## WORK TO BE COMPLETED
Retype the records below from their first line through the line holding "Cercei din aur", including both ends and no pictures.

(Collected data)
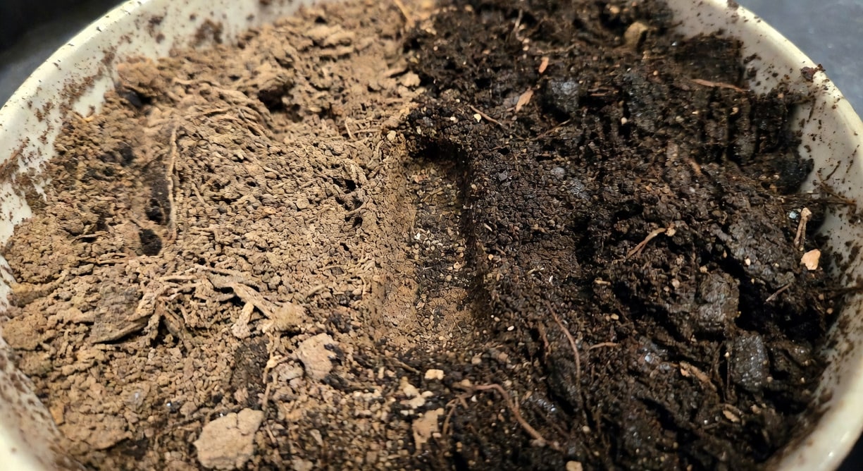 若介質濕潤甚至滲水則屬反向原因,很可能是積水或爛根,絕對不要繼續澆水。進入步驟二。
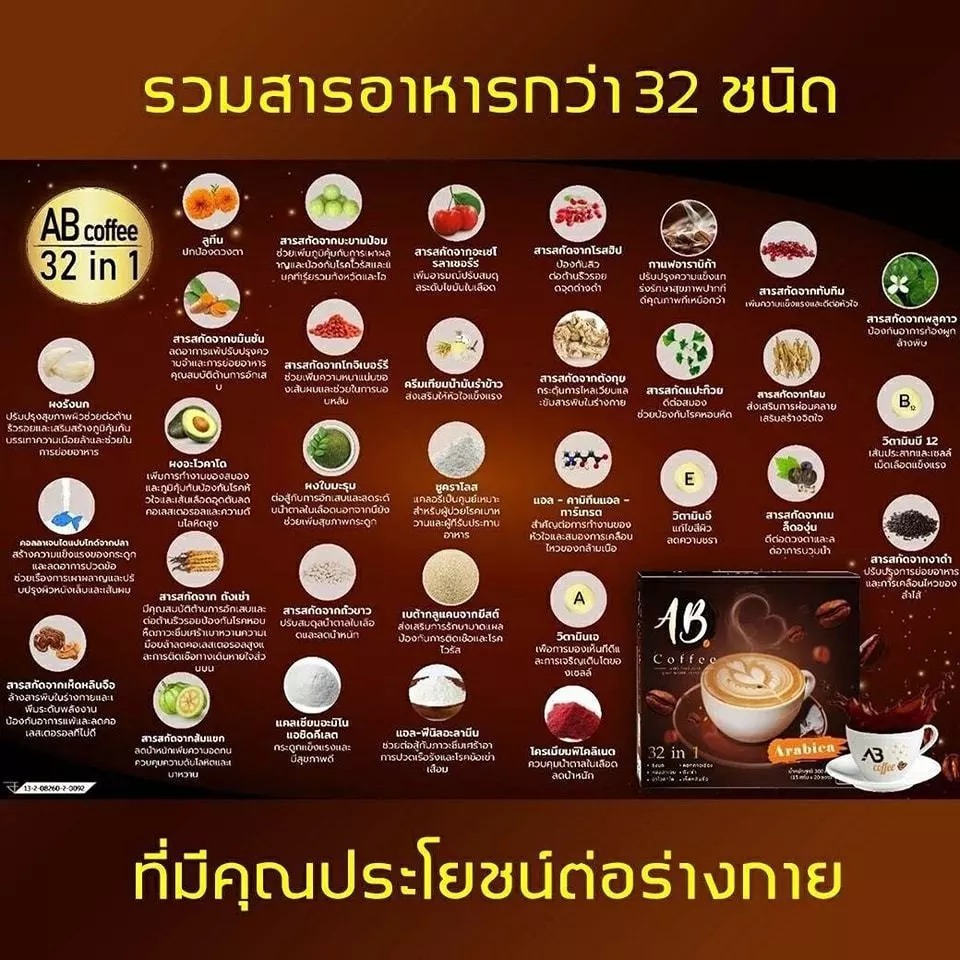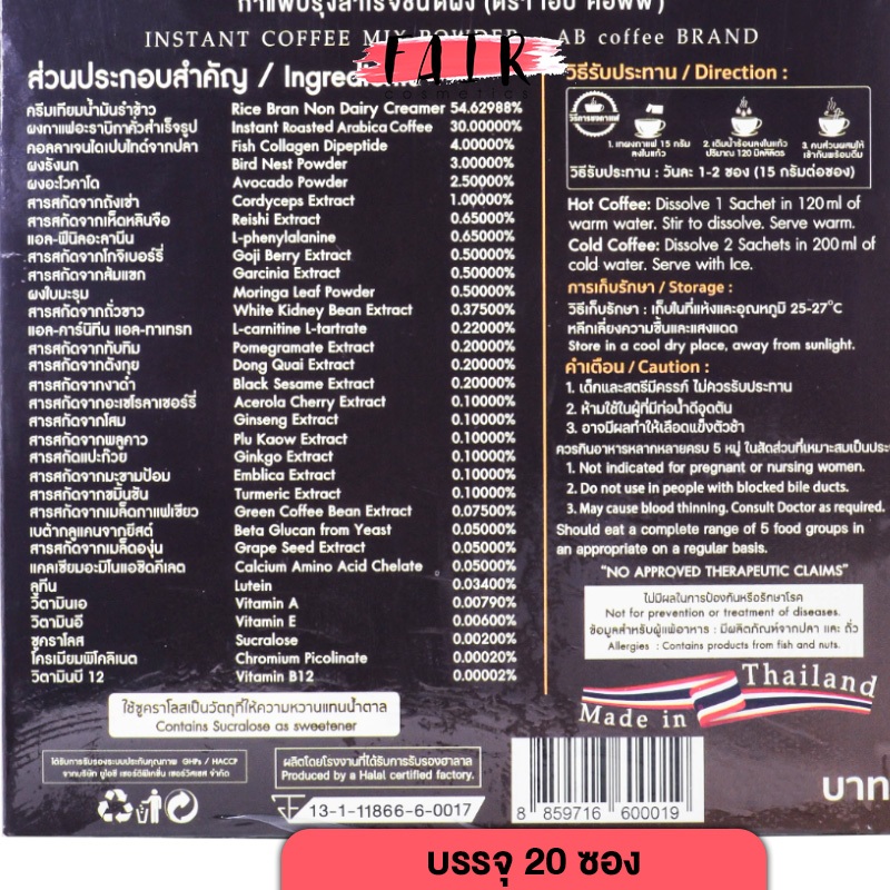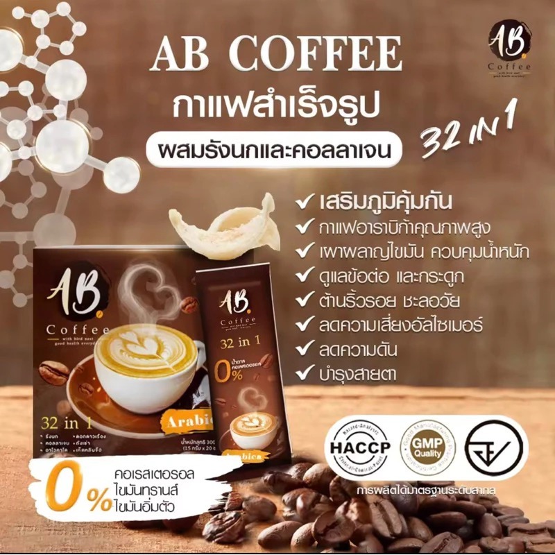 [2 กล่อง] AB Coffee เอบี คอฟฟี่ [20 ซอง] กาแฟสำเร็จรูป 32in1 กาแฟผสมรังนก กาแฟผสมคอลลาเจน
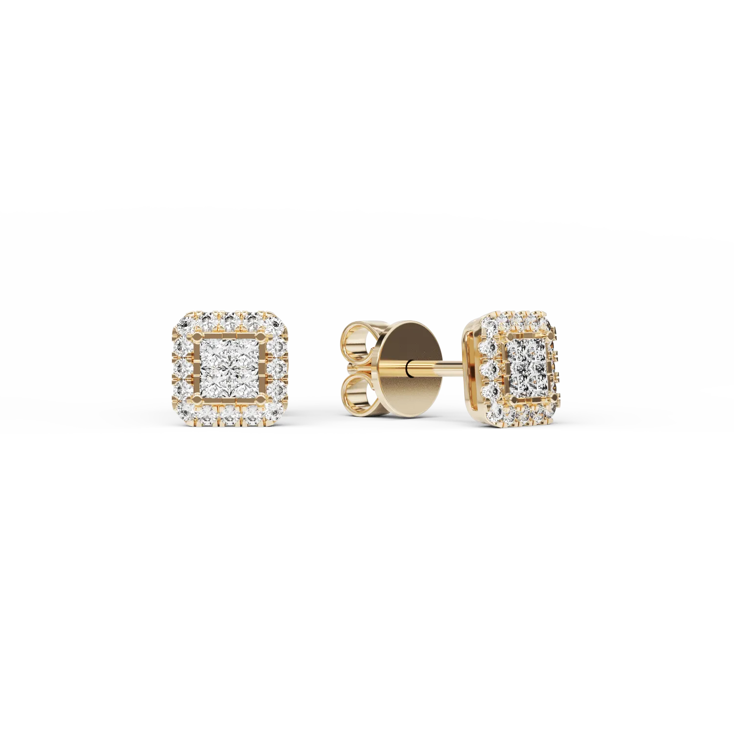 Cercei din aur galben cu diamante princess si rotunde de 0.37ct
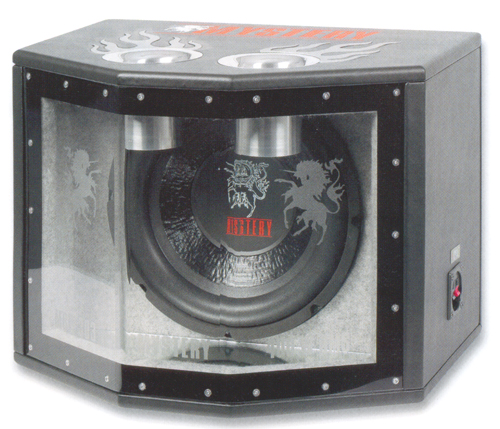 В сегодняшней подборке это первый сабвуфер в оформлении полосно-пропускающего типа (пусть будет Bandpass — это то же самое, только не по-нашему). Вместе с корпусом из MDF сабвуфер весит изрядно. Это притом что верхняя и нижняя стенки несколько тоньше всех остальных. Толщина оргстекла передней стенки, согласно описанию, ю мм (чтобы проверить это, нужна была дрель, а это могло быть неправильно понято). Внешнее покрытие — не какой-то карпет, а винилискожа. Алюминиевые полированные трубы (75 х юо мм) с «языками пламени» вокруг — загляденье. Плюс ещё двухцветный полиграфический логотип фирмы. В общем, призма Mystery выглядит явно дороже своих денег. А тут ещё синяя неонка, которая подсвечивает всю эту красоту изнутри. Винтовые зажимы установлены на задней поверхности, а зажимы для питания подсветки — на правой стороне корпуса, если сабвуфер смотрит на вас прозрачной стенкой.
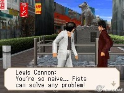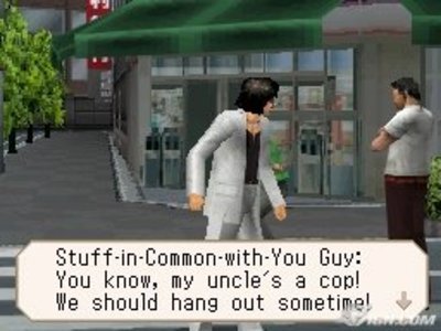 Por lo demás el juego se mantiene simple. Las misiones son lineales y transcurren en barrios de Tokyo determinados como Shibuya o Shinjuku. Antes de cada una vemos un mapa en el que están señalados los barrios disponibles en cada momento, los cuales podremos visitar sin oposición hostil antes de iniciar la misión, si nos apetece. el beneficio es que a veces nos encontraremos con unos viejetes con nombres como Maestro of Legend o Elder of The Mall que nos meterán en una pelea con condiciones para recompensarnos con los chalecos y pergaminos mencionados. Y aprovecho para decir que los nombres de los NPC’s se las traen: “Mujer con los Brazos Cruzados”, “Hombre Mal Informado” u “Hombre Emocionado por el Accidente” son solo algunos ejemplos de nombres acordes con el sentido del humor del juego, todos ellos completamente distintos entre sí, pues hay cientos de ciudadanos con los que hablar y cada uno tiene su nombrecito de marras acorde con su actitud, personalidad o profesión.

## FINAL ANSWER
 若介質濕潤甚至滲水則屬反向原因,很可能是積水或爛根,絕對不要繼續澆水。進入步驟二。
 [2 กล่อง] AB Coffee เอบี คอฟฟี่ [20 ซอง] กาแฟสำเร็จรูป 32in1 กาแฟผสมรังนก กาแฟผสมคอลลาเจน
 Cercei din aur galben cu diamante princess si rotunde de 0.37ct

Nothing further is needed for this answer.